With naked foot stalking within my

chamber:

Once have I seen them gentle, tame, and meek,

That now are wild, and do not once remember,

That sometime they have put themselves in danger

To take bread at my hand ; and now they range

Busily seeking in continual change.

Thanked be fortune, it hath been otherwise

Twenty times better; but once in special

In thin arraye after a pleasant guise

When her loose gown from her shoulders did fall,

And she me caught in her arms long and small;

Therewithal sweetly did me kiss,

And softly said, ‘Dear heart, how like you this?

It was no dream ; for I lay broad awaking:

But all is turn'd now through my gentleness,

Into a bitter fashion of forsaking;

And I have leave to go of her goodness;

And she also to use new fangleness.

But since that I unkindly so am served:

How like you this, what hath she now deserved?

The poem’s author was Sir Thomas Wyatt (1503-1552 ). Wyatt was not only a poet, but an ambassador in the service of Henry VIII, a dangerous occupation due to the violent character of the king and his single-minded concern with getting a male heir. His father had emerged victorious after the bloody civil wars known as the Wars of the Roses, but Henry knew unless he could provide a son, England could be plunged back into war.

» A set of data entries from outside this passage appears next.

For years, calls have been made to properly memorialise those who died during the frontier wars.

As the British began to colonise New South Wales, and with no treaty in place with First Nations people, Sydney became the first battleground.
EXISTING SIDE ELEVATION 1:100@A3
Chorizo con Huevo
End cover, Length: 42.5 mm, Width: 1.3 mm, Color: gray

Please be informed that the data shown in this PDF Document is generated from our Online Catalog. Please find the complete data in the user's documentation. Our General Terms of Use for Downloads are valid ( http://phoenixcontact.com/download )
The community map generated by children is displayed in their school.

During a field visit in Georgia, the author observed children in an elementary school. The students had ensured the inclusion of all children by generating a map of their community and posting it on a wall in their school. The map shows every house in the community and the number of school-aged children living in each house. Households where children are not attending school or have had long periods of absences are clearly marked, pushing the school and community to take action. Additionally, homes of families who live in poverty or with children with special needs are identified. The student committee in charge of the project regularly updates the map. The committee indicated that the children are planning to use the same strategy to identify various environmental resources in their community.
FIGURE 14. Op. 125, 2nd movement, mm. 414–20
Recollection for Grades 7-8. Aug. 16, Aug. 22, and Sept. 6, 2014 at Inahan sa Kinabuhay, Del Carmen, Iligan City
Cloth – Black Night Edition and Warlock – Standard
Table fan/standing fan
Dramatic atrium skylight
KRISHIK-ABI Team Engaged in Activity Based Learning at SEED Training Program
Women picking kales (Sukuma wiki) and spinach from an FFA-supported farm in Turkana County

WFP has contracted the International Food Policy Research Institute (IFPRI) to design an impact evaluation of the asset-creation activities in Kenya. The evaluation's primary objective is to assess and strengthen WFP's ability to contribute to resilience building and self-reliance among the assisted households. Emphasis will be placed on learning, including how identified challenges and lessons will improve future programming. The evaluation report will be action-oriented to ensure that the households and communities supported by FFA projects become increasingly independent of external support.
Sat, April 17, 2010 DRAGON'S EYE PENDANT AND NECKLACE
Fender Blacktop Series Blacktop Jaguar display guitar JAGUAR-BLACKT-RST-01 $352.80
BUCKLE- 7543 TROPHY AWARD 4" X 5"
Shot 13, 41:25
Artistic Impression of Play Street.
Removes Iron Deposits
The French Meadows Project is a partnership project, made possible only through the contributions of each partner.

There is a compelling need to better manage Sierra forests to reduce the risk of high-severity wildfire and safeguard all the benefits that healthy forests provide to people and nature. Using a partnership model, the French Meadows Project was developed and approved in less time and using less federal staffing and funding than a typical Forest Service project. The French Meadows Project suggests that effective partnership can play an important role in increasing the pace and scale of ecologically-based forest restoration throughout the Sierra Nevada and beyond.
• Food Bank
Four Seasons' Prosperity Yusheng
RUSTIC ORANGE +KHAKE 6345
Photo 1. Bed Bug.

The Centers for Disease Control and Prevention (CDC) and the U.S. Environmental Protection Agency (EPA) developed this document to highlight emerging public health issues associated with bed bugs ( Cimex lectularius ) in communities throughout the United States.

Wyatt’s first major diplomatic task was to Rome to persuade Pope Clement VII to annul the king’s marriage to Catherine of Aragon so that Henry could marry Anne Boleyn. Although the Pope refused, in 1535 Wyatt was knighted for his efforts.

The next year – 1536 – Wyatt’s world fell apart. In order to marry Anne Boleyn, Henry had broken with the Church of Rome. But Anne’s only surviving child was a girl, later to become Elizabeth I. Henry determined to rid himself of his queen, charging her with adultery with a number of men, including her own brother. And Sir Thomas Wyatt.

While there is no proof of this charge, it seems that Wyatt, whose marriage was not happy, fell in love with Anne during the early 1520s. Wyatt’s grandson, in his life of the executed queen, said that from the moment Sir Thomas had seen “this new beauty” in the winter of 1522, he had fallen in love with her. Two of his poems, in particular, have been linked with Anne Boleyn, the one quoted above, and “Whoso list to Hunt”, the final lines of which appear to refer to Henry’s claim to her.

“Whoso list to hunt? I know where is an

hind!

But as for me, alas! I may no more,

The vain travail hath wearied me so sore;

I am of them that furthest come behind.

Yet may I by no means my wearied mind

Draw from the deer ; but as she fleeth afore

Fainting I follow; I leave off therefore,

Since in a net I seek to hold the wind.

Who list her hunt, I put him out of doubt

As well as I, may spend his time in vain!

And graven with diamonds in letters plain,

There is written her fair neck round about;

' Noli me tangere; for Cæsar's I am,

And wild for to hold, though I seem tame.'

Wyatt was imprisoned in the Tower of London and only escaped execution through his father’s friendship with the king’s chancellor, Thomas Cromwell. But it is possible he witnessed the queen’s execution on May 19, 1536 from his cell window.

Although he seems to have been restored to favour and was indeed granted lands from the dissolved Boxley Abbey, in 1541 he was charged with treason, the charges only lifted through the intervention of Henry’s fifth wife, Catherine Howard. Early the next year, Wyatt fell ill and died on October 11, 1542 at the age of 39.

Sir Thomas Wyatt is held by many to be the father of English poetry, although none of his poems was published during his lifetime, and the first book to feature his verse was printed a full 15 years after his death. His sonnets and odes are have a delicacy and beauty that stands in sharp contrast to the bloody, dangerous age in which he lived his brief and adventurous life.